Но в то же время светлое, как далекая улыбка давно прошедшей молодости, мерцало в душе и от этого было ласково и спокойно.
-- Кто знает, кто знает,-- бормотал он, щурясь на желтые лучистые звезды уходящих вдаль фонарей, -- почем знать, может быть, это награда за давнюю боль, за одиночество, за тоску?..
II.
Ниночка приходила обычно вечером, когда в редакции не было занятий. В такие дни Устругов отпускал прислугу, и с семи часов испытывал легкое волнение. Он ходил по гостиной из угла в угол, заглядывал в столовую, где был приготовлен чай и закуска. Около восьми коротко и осторожно трещал звонок. Шаркая туфлями и чуть-чуть задыхаясь, Устругов спешил в переднюю и, когда открывал дверь, ему казалось, что судьба незаслуженно дарит его большим и серьезным счастьем. Он не задавал себе никаких вопросов, только наивно и робко заглядывал в карие глаза и хватался за волнующееся сердце, старался откашляться -- и не мог.
Эта необходимость освободиться от давящего ощущения в груди была для него мучительна, как пытка. Он понимал, что ей, может быть, противно, что она, -- быть может, -- с усилием сдерживает брезгливую гримасу, и сам презирал себя жестоко и злобно. Но Ниночка или делала вид, что не замечает этого, или подсмеивалась над ним.

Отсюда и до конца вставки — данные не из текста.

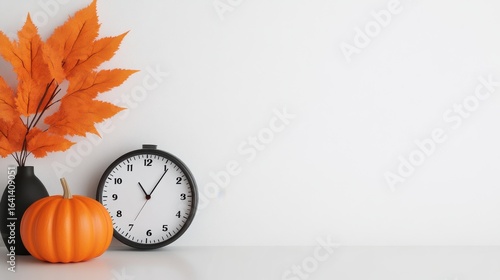 Autumnal Still Life Orange Pumpkin, Clock, and Leaves on White Background
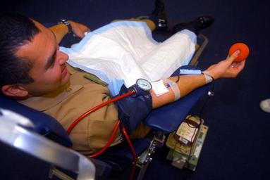 | Keywords: US Navy 070321-N-4776G-072 Chief Yeoman Rafael Villarreal, from San Antonio, rolls a foam ball in his hand promoting blood flow allowing him to fill a bag during a blood drive held on 32nd Street Naval Base.jpg en SAN DIEGO March 21 2007 - Chief Yeoman Rafael Villarreal from San Antonio rolls a foam ball in his hand promoting blood flow allowing him to fill a bag during a blood drive held on 32nd Street Naval Base Villarreal is a regular donor who says he believes it is important to give blood and keep the blood banks stocked for those who need it The bloodmobile travels around the San Diego area covering different locations U S Navy photo by Mass Communication Specialist Seaman Kathleen Gorby RELEASED 2007-03-21 070321-N-4776G-072 Navy http //www navy mil/view_image asp id 44248 U S Navy photo by Mass Communication Specialist Seaman Kathleen Gorby PD-USGov-Military-Navy Blood donation at Naval Base San Diego Yeoman United States Navy People donating blood in the United States |
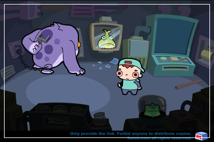 - 우측에 있는 쇠파이프를 얻은 뒤에 몬스터 뒤에 왼쪽 고리를 통해 구부려서 몬스터에게 줍니다 > 손잡이를 얻어서 오른쪽 변에 끼워서 작동을 합니다 > 오른쪽 하단에 있는 파이프를 얻어 좌측 상단에 끊어진 부분과 연결 > 하단 비커를 생물아래에 사용을 합니다 파란색 2번 노란색1번 빨간색1번 클릭 > 보라색 생물에게 줍니다 > 뒤에 보이는 철창을 클릭하면 > 탈출성공
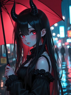 Demon-horned youth, goth lolita attire, raven hair, crimson eyes, umbrella in hand, melancholic pose, rain-soaked alley, neon lights, somber expression, dark fantasy.
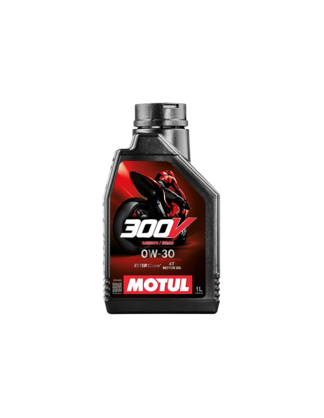 Motul 300V Road RacingTo suit 4-stroke motorbike enginesGrade : 0W30ESTER Core technologyOptimised for factory and high-performance stock motorcyclesImproved reliabilityIncreased powerUltimate engine response and accelerationSold per 1 litreMotul 300V 4T Road Racing 0W30 Motorcycle Engine Oil (1L)Motul 300V 4T Road Racing is a competition oil developed for factory and high-performance stock motorcycles powered with 4-stroke engines. Intended for two-wheelers used on the track or on the road this lubricant increases power for improved engine response and acceleration. This lubricant is also suitable for motorbikes fitted with catalytic converters side-cars ATVs etc. Featuring ESTER Core technology this top-of-the-range oil is formulated with esters combined with other high-performance synthetic base oils and a range of innovative additives. This technology enables maximum engine power output without compromising on reliability and wear thanks to the ultra-adhesive properties of the oil film.This oil exceeds current API / JASO standards. For optimum engine and clutch performance Motul recommends not mixing this lubricant with other synthetic or mineral oils. The drain interval should be adapted according to use.
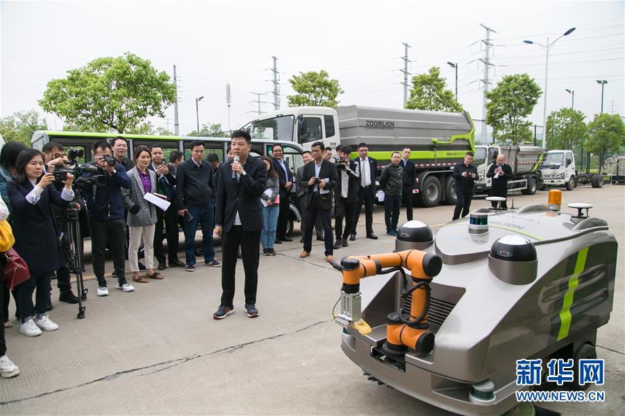 长沙中联重科环境产业有限公司的工作人员展示一款 智能清捡保洁 机器人(4月28日摄)。新华社发(陈思汗摄)
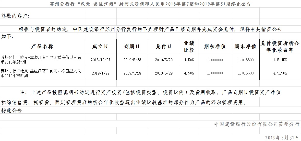 中国建设银行理财产品终止及清算公告
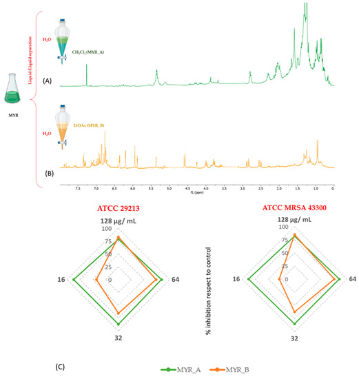 Liquid–liquid separation of methanolic extract and 1H-NMR profiling of organic fractions (A,B). Antimicrobial screening of MYR_A and MYR_B (C).
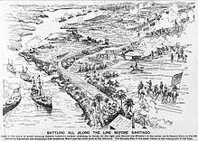 3 juillet 1898 Bataille de Santiago de Cuba – Le 3 juillet 1898, la flotte américaine affronte la flotte espagnole à la bataille de Santiago de Cuba. Les six navires espagnols, commandés par Pascual Cervera, sont coulés ou mis hors de combat par les américains. La flotte espagnole des Caraïbes, surnommée Flota de Ultramar, est détruite. L’internaute histoire La bataille de Santiago de Cuba est la plus grande bataille navale de la guerre hispano-américaine dans l’océan Atlantique. Elle oppose la flotte espagnole de l’amiral Pascual Cervera y Topete et des bâtiments de l’US Navy de l’escadre de l’Atlantique nord du vice-amiral William T. Wikipédia
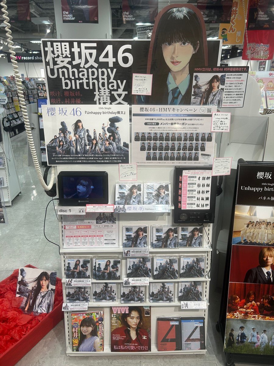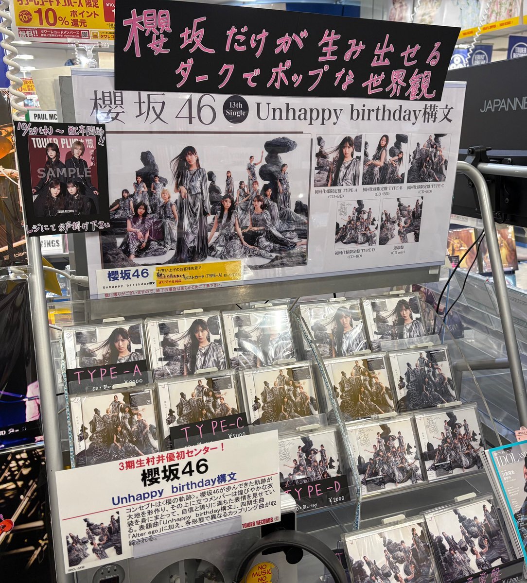 【#櫻坂46】 13th Single 『Unhappy birthday構文』 大好評発売中❕❕🎂 勢いに乗り続けた2025年の集大成ともなる 13枚目シングル🖤 4Fにてパネルも展示中です🎵 (酒屋) #櫻坂46_UnhappyBD構文 pic.x.com/QwwHotRyjw
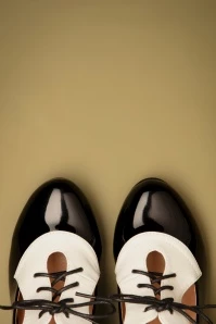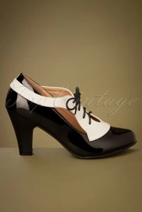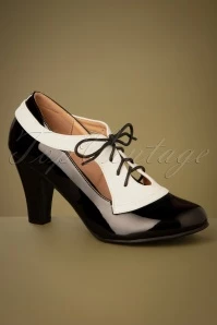 Influence others with your (retro) style when wearing these 50s Retro Influencer Pumps in Black and White! Made of a combination of black faux patent leather and creamy-white faux leather, styled with dainty cutouts and a handy lace-up fastening. Thanks to the soft insole and the modest cone heel you’ll be light on your feet all day long. Can you picture yourself wearing these black-and-white beauties on your feet? 😉

За чаем она много и с удовольствием ела, с любопытством заглядывала в жестянки и блюда, пила белое вино и расспрашивала Устругова о кружках и вечеринках , где бывают писатели. А он, шагая по столовой, говорил, мучительно морщась от необходимости каждую минуту отворачиваться в угол, к плевательнице:
-- Я мало выхожу теперь, ты знаешь, работа... Да и состарился я!..
И робко, искоса взглядывал на нее, но она не замечала этого и думала свое.
-- И Кореневский там бывает? Он много зарабатывает? Не женат? А кто еще твои приятели?
-- Я не знаю, кто тебя интересует. -- отвечал он, -- близких у меня совсем нет... Кроме тебя... -- добавлял он, беря её узкую руку.
Она откидывала голову и смотрела на него снизу темным, глубоким взглядом. Потом чуть-чуть потянувшись, щурилась и глаза из-под полуспущенных ресниц мерцали маняще и странно...
А когда сознание снова возвращалось, он видел темную гостиную, яркую полосу света у двери из столовой и черный силуэт девушки.
Ах, Борис, Борис! -- с шутливым упрёком шептала она, качая головой, -- как же это мы так опять?
Он опускался на колени, целовал руки и говорил проникновенным голосом:
-- Моя милая деточка! Если бы ты знала, если бы на одну минуту могла почувствовать, как страшно благодарен я тебе!.. У меня был мрак, одиночество, а пришла ты, и как чудесно расцвела моя жизнь! буду беречь тебя, буду любить, -- заклинаю тебя всей силой моего последнего чувства, -- не скрывай, говори мне все, я все пойму... Милая детка моя!..
Она смеялась негромким, вздрагивающим смехом, качала головой, как старшая, упрекающая в шалости наивного ребенка, и повторяла, подкусив губу, так, что у неё выходило:
-- Ах, Бэрис, Бэрис!..
III.
Как-то перед самым концом занятий в редакцию пришёл Кореневский и, сидя перед большим столом Устругова, балагурил:
-- Послушайте, Борис Егорович, это же прямо невозможно -- вы хотите найти себе место на черной странице истории литературы!.. Надо быть справедливым и сочувственно относиться к талантам...
-- Но, Виталий Павлович, ведь за вами уже числится... -- робко оправдывался Устpугов, -- там накопилось около тысячи...
Кореневский все-таки выпросил двести рублей; поглядывая на часы, он продолжал болтать и поднялся только, когда услышал смутный гул в коридоре: уходили служащие.
Устругов запер ящики стола и прислушался. Ему надо было зайти вниз в типографию, но он, боязливо оглядываясь и боясь, чтобы кто-нибудь не задержал, собрал бумаги и вышел.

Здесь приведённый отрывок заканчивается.